## Dataset extract
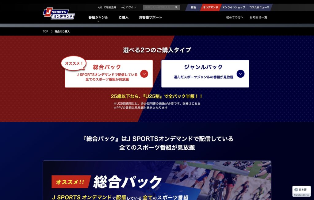 J SPORTSオンデマンドは総合パックとジャンルパックで見れるものが違う
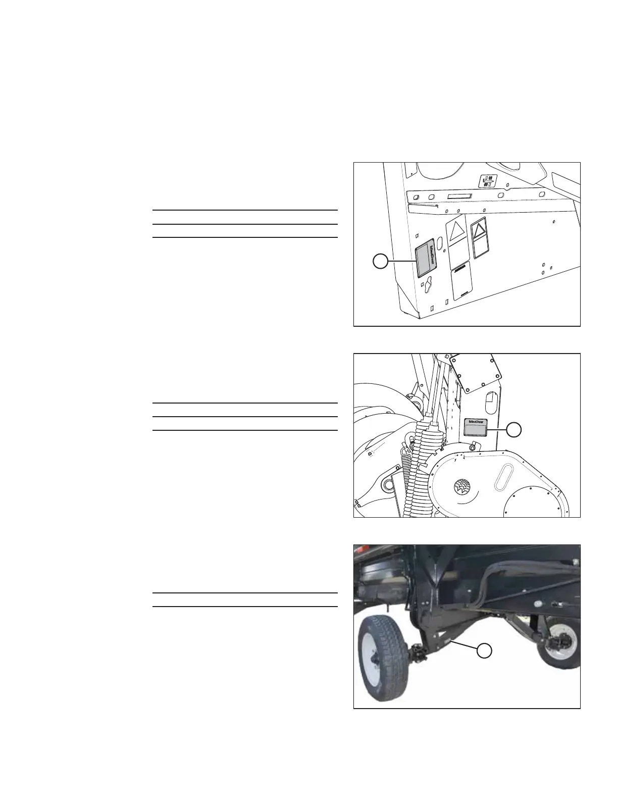 Record the model number, serial number, and model year of the header, combine adapter, and transport/stabilizer wheel
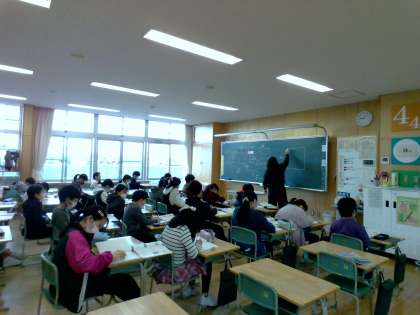 面積の単位について学習しています。「平方メートル」「a」「ha」等の単位で表すために、基になる面積の違いに気を付けて考えています。

## The task
Give back all of the data exactly, but not the pictures.

## Written answer
 J SPORTSオンデマンドは総合パックとジャンルパックで見れるものが違う
 Record the model number, serial number, and model year of the header, combine adapter, and transport/stabilizer wheel
 面積の単位について学習しています。「平方メートル」「a」「ha」等の単位で表すために、基になる面積の違いに気を付けて考えています。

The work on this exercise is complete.